Num dia em que os filhos de Deus vieram apresentar-se perante o SENHOR, veio
também Satanás entre eles apresentar-se perante o SENHOR. Então, o SENHOR
disse a Satanás:
Donde vens?
(Jó 2:1-2a)

Uma das características mais marcantes do neopentecostalismo é sua ênfase na figura do Diabo e
seus demônios. Em tudo o neopentecostal enxerga a ação de Satanás: doenças, problemas de
relacionamento familiar, dificuldades financeiras são vistos como resultantes da ação de demônios.
Expulsá-los das vidas por eles dominadas é a grande tarefa que o neopentecostal se impõe.

Juntamente com esta ênfase, destaca-se o papel fundamental desempenhado pelo Homem na
cosmologia neopentecostal. Para o neopentecostalismo, Deus e o Diabo somente agem no mundo
através dos seres humanos que a eles se submetem. A teologia da guerra espiritual é uma teologia
humanista: ela define o mundo humano como seu campo de batalha.

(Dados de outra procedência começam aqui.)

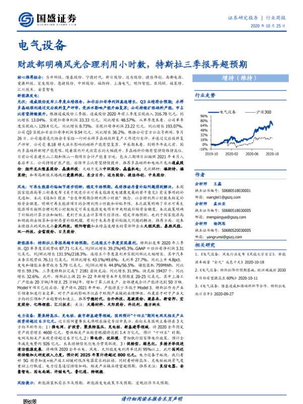 【国盛证券】【20201025】电气设备行业周报:财政部明确风光合理利用小时数,特斯拉三季报再超预期-16页
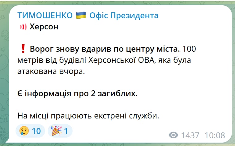 "Есть информация о двух погибших. На месте работают экстренные службы", - написал Тимошенко.
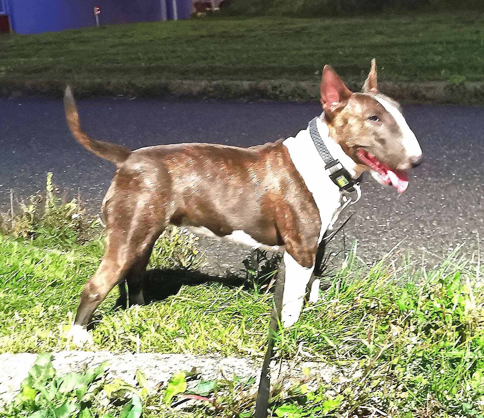 | Plemeno: | miniaturní bulteriér | Barva srsti: | žíhaná, bílé znaky, . |
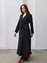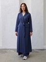 -Kuşaklı tasarımı sayesinde vücut hatlarını zarifçe ortaya çıkarırken, takma kol yapısı ve kruvaze kapama detayı ile klasik şıklığı yeniden tanımlıyor.
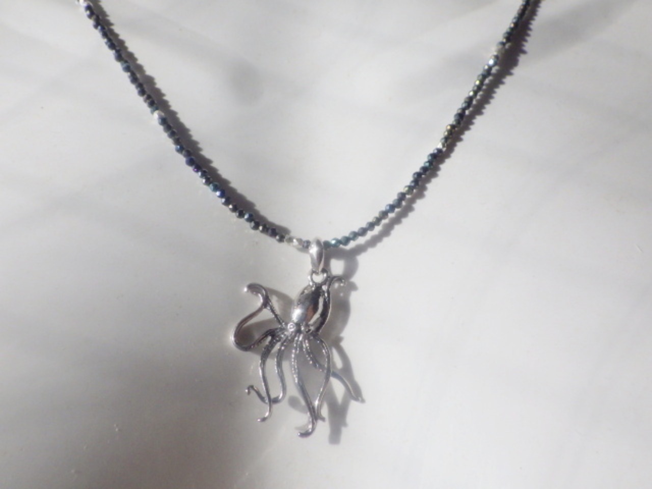インパクトのあるタコ(オクトパス)をアクセントにして男前なブラックスピネルのネックレスにしました
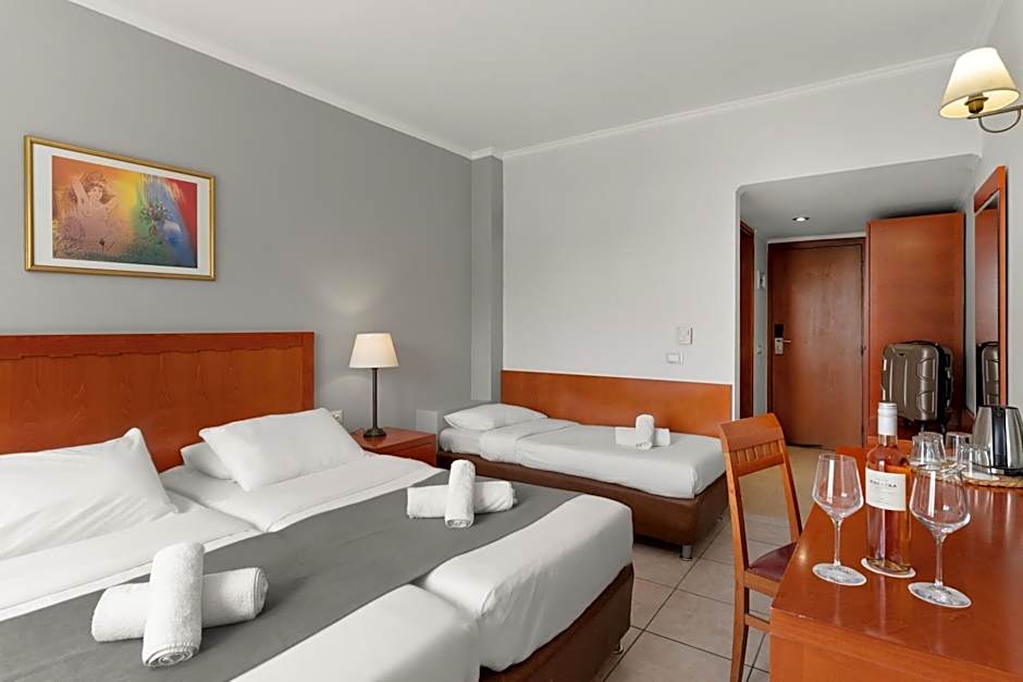 Very friendly and helpful staff. Food was fresh and tasty even if meals were repeated. Gluten free bread and meals provided once asked with no problem. Great service in the restaurant. Room service /cleaning provided daily. We had a great view from family-double room apartment. Hotel is really close to airport so you could watch and hear the starting/landing planes. Not a problem for us (kind of attraction) but someone may not like it.

Qual a origem teológica destas ênfases neopentecostais no Diabo e no Homem? De onde vêm tais
crenças?

O Dr. R. T. Kendall, em seu estimulante ensaio "A Modificação Puritana da Teologia de Calvino" 1,
oferece elementos fundamentais para o entendimento de algumas das bases teológicas de
fenômenos religiosos contemporâneos, tais como o pentecostalismo e o neopentecostalismo. Não é
esta a proposta do autor, mas, simplesmente, estudar a modificação que o puritanismo inglês causou
à teologia do Reformador de Genebra. Entretanto pode-se ver neste estudo de base elementos de
ligação com os referidos movimentos, o que procurar-se-á demonstrar neste artigo.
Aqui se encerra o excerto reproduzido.